Une offre de lancement limitée dans le temps peut accélérer la décision, tant qu’elle reste rentable. Le but n’est pas de vendre à perte, mais de lever le frein de la nouveauté quand personne ne vous connaît encore.

Transformer une conversation en premier contrat

Décrocher un rendez-vous ne suffit pas. La signature se joue dans la conversation. Beaucoup de porteurs de projet perdent leurs premiers clients faute d’oser conclure. Un échange qui n’aboutit à aucune proposition claire laisse le prospect repartir sans décision, et un prospect indécis ne revient presque jamais.

Trois réflexes changent l’issue d’un entretien :

  • Écouter d’abord, reformuler le besoin exact avant de proposer quoi que ce soit
  • Présenter une solution précise, chiffrée, avec une échéance nette
  • Proposer explicitement la suite : « Je vous prépare le contrat pour lundi ? » plutôt qu’un vague « recontactez-moi »

Le doute du prospect porte rarement sur le prix seul. Il porte sur le risque : et si ça ne marche pas ? Répondez à cette peur par des preuves, un premier jalon court, le témoignage d’un ancien client. La confiance se construit par des faits, pas par des promesses. Chaque contrat signé devient ensuite une référence qui facilite le suivant.

Aller au contact : salons, forums et événements

Le terrain reste un accélérateur redoutable pour un débutant.

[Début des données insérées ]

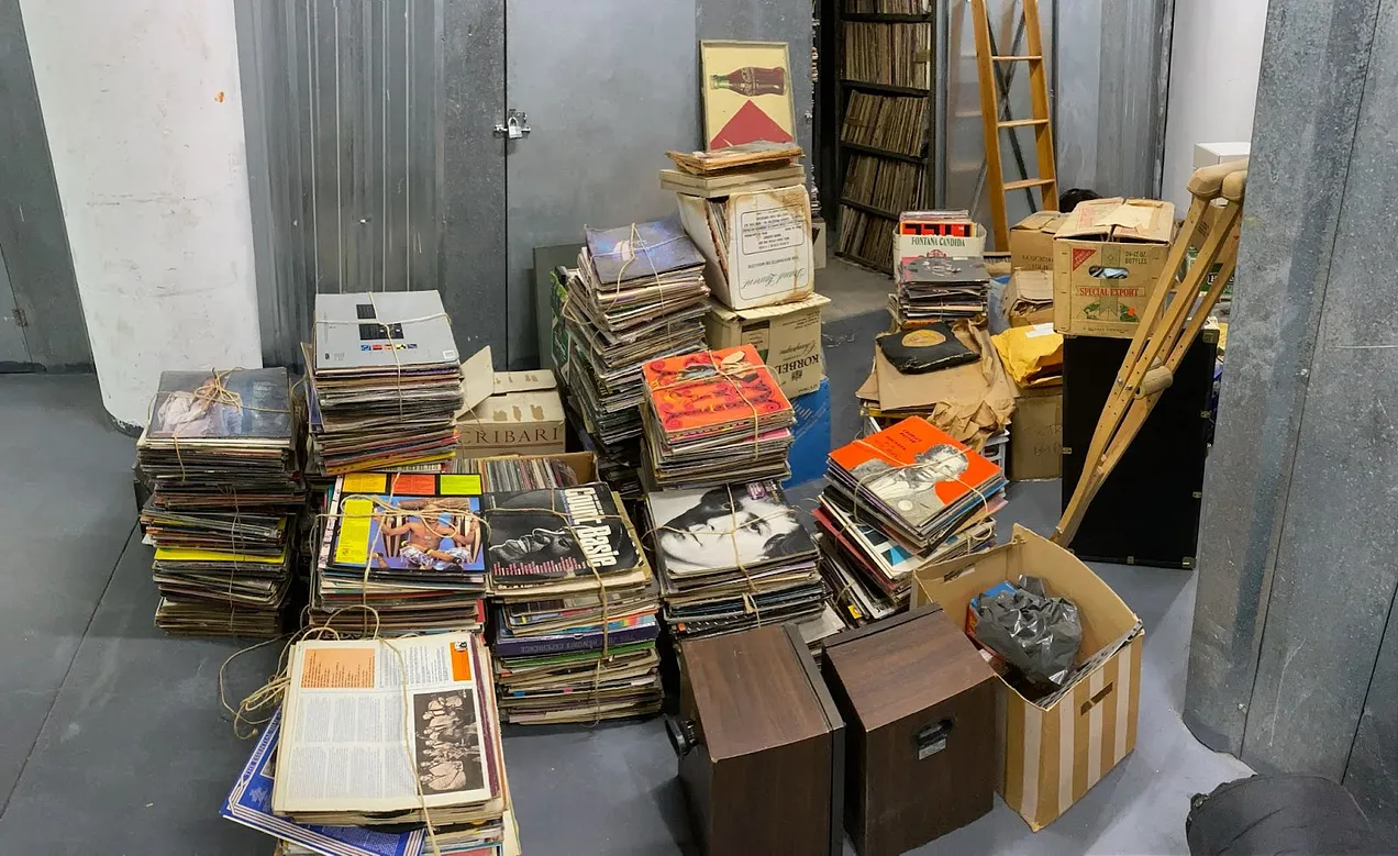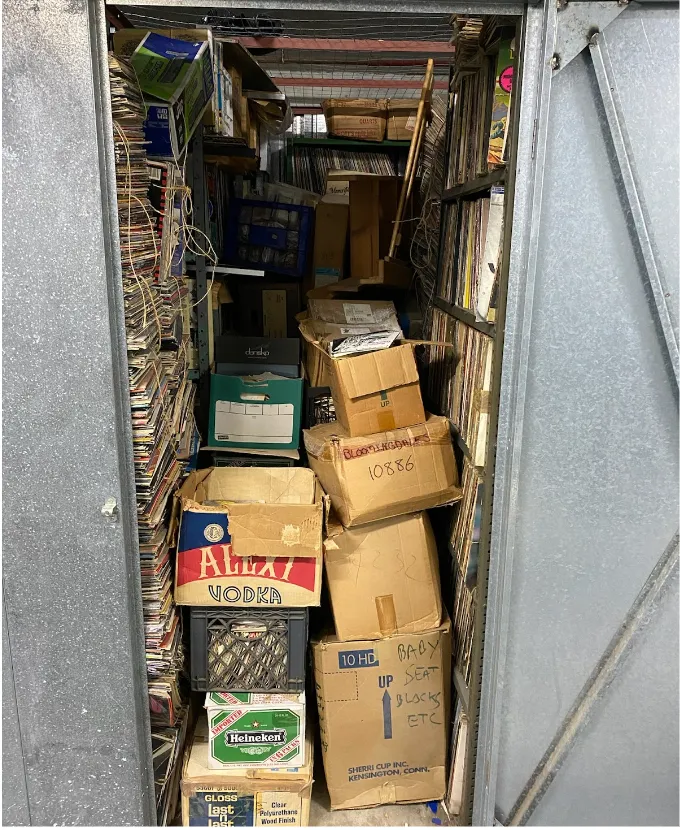 Some of the contents of the five-by-10-by-10 storage unit over near Avenue D I lived just east of Avenue B in Manhattan from age 23 in 1965, where my $45 walkup comprised three rooms plus a tiny toilet with a bathtub in the kitchen, till age 33 in 1975, by which time I'd taken over a $77 four-room with a separate bathroom and a modest office where I wrote most of my Newsday columns and then a bunch of Village Voice rockcrit too. Gradually, of course, the thrill of getting LPs free dimmed as more arrived in the mail every day. And pretty soon we'd moved to a seven-room Second Avenue apartment my wife Carola had found. By then I'd screwed together some industrial shelves--eventually six six-shelf steel 12-by-36 jobs that hold some 240 vinyl LPs per shelf, 1440 per unit, and later there were more. Which means, although some now admittedly hold hi-fi equipment and others have been retrofitted for compact discs, that most of what industrial shelves etc. remain otherwise unoccupied now accommodate some 36,000 vinyl LPs in our apartment alone--assuming I didn't mess up the math.

Un salon sectoriel concentre en deux jours des dizaines de prospects qualifiés, réunis au même endroit avec l’intention d’acheter ou de s’informer. Aucun canal en ligne n’offre cette densité de contacts à forte intention.

La présence seule ne suffit pas. Un stand tenu sans préparation coûte cher pour rien. Quelques principes rendent l’effort rentable :

  • Fixer un objectif chiffré de rencontres avant d’arriver
  • Repérer à l’avance les exposants et visiteurs à approcher
  • Préparer une accroche courte qui donne envie d’en savoir plus
  • Collecter les coordonnées et relancer sous 48 heures, tant que le souvenir est frais

Le suivi fait toute la différence : une large part des contacts de salon ne débouche sur rien, faute de relance. Notre guide sur les salons professionnels détaille la préparation, les coûts et la mécanique de conversion, stand par stand.

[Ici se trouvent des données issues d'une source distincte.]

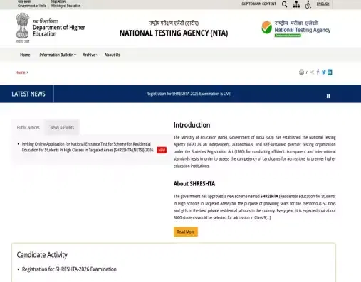 - Visit the official website - exams.nta.nic.in/shreshta/.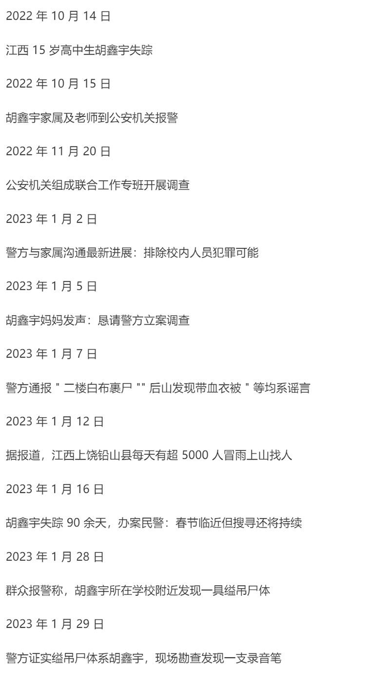 现代快报讯(记者刘遥)1月29上午,江西省、市、县公安机关联合工作专班发布警情通报,称在河口镇金鸡山区域树林中发现一具缢吊尸体,经DNA检验,确定死者系胡鑫宇。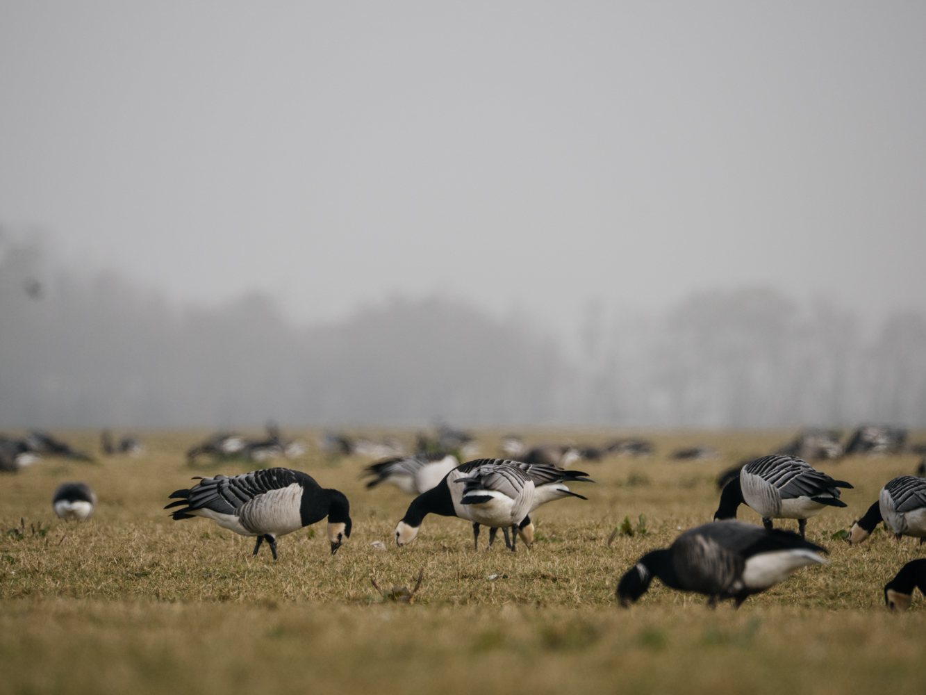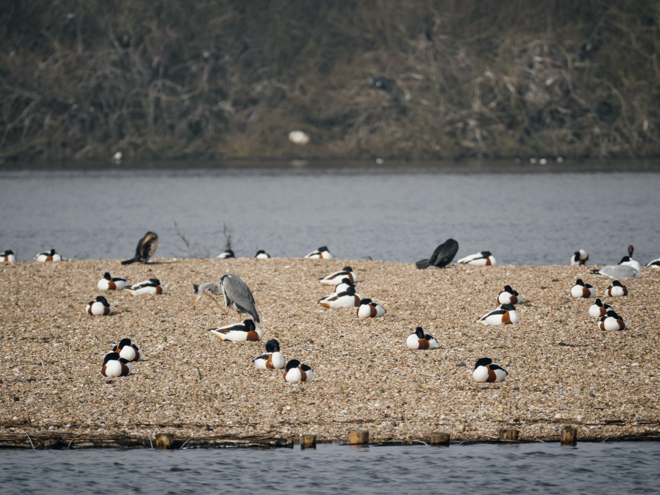 Durch weite Dünen und Wiesen steuern wir anschließend auf Westerplas zu, einen der besten Orte für Vogelbeobachtung auf Schiermonnikoog. Nicht umsonst gibt es hier gleich zwei Vogelbeobachtungshütten, eine davon mit hochwertigem Swarovski-Spektiv ausgestattet. Die Kormorane und Reiher sind im Gestrüpp am gegenüberliegenden Ufer fleißig mit dem Nestbau beschäftigt, unzählige Brandgänse schlummern auf den Kiesinseln im See, Haubentaucher balzen um die Wette und irgendwo im Hintergrund kräht immer ein Fasan. Schiermonnikoog ist ein absolutes Vogelparadies (unter anderem, weil es keine Landraubtiere auf der Insel gibt, die Nester plündern könnten).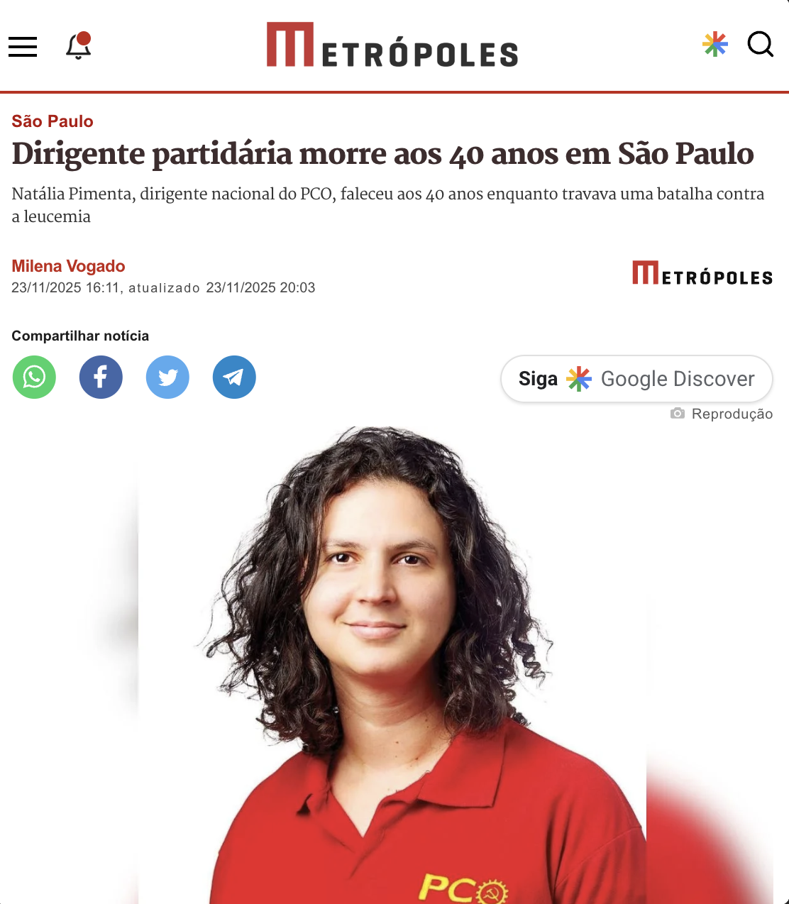 No artigo Dirigente partidária morre aos 40 anos em São Paulo, o Metrópoles, o jornal mais acessado dentre os citados, destaca a trajetória de Natália, relembrando sua dura batalha contra o câncer:

Échange de coordonnées entre un exposant et un visiteur sur un stand de salon professionnel

Faire de vos premiers clients vos meilleurs commerciaux

Un premier client bien servi rapporte deux fois : par son achat, puis par ceux qu’il vous amène. Négliger cette seconde vague revient à laisser de l’argent sur la table. Fidéliser coûte bien moins cher que conquérir un inconnu.

Trois leviers transforment un client satisfait en prescripteur :

  • Livrer au-delà de la promesse, sur un détail visible qui marque
  • Demander un avis en ligne pendant que la satisfaction est encore vive
  • Solliciter une recommandation nommée, pas un vague « parlez de moi autour de vous »

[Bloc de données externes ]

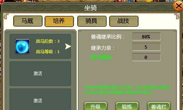 新系统包含马厩、培养、骑具、战技四个界面,所有已获得坐骑均可收纳于马厩中。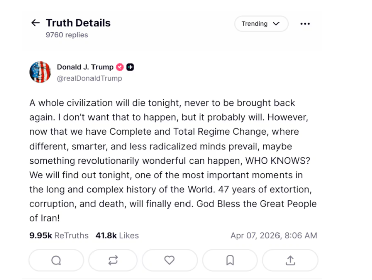 特朗普在真實社交平臺發(fā)布的貼文,發(fā)文威脅伊朗稱,“今晚,整個文明將消亡”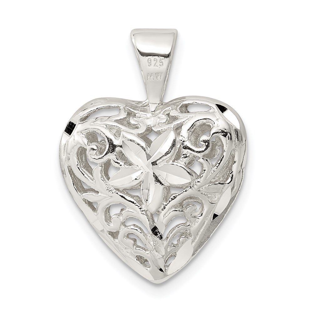 Sterling Silver Filigree Floral Heart Pendant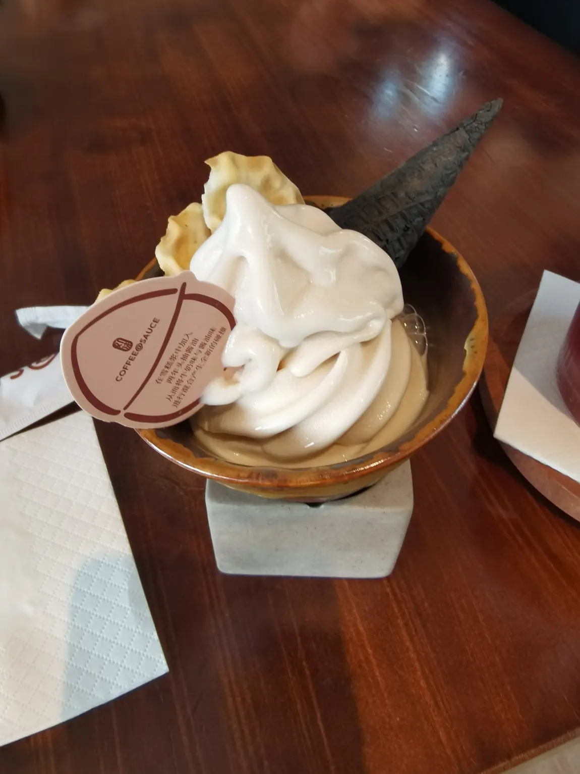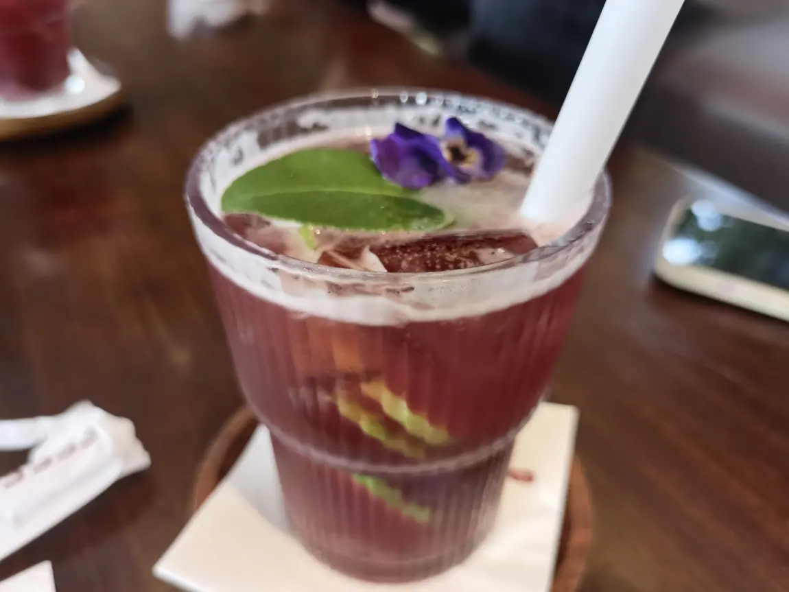 我点了一份招牌酱油冰淇淋,黑色的脆筒配上奶白色的冰淇淋,上面还点缀着一片薄脆。入口的瞬间,先是冰淇淋的绵密香甜,紧接着是一丝若有若无的咸鲜,这种奇妙的口感碰撞,让人眼前一亮。家人则点了一杯紫红色的特调饮品,杯口装饰着一朵紫色的小花,颜值与风味并存。

Un avis public rassure les prospects qui vous découvrent, une recommandation privée ouvre une porte déjà chaude. Les deux nourrissent le bouche-à-oreille qui a servi vos débuts. Ce cycle, entretenu, réduit peu à peu votre dépendance à la prospection à froid.

Vos quarante premiers jours pour signer

L’intention ne signe aucun contrat, un plan daté oui. Pour passer de la théorie à la première vente, concentrez vos efforts sur une séquence courte et mesurable :

  1. Semaine 1 : rédigez la fiche de votre client idéal et listez trente cibles nominatives
  2. Semaine 2 : contactez votre réseau proche avec une demande précise de mise en relation
  3. Semaine 3 : publiez un site simple et une fiche Google, puis sollicitez vos premiers avis
  4. Semaine 4 : lancez vingt approches personnalisées et réservez un salon sectoriel
  5. Semaines 5 et 6 : convertissez les rendez-vous obtenus et demandez chaque recommandation

Prochaine action : ouvrez un document, écrivez le nom de vos dix premières cibles, et contactez-en trois aujourd’hui. La première vente récompense l’action méthodique, jamais l’attente.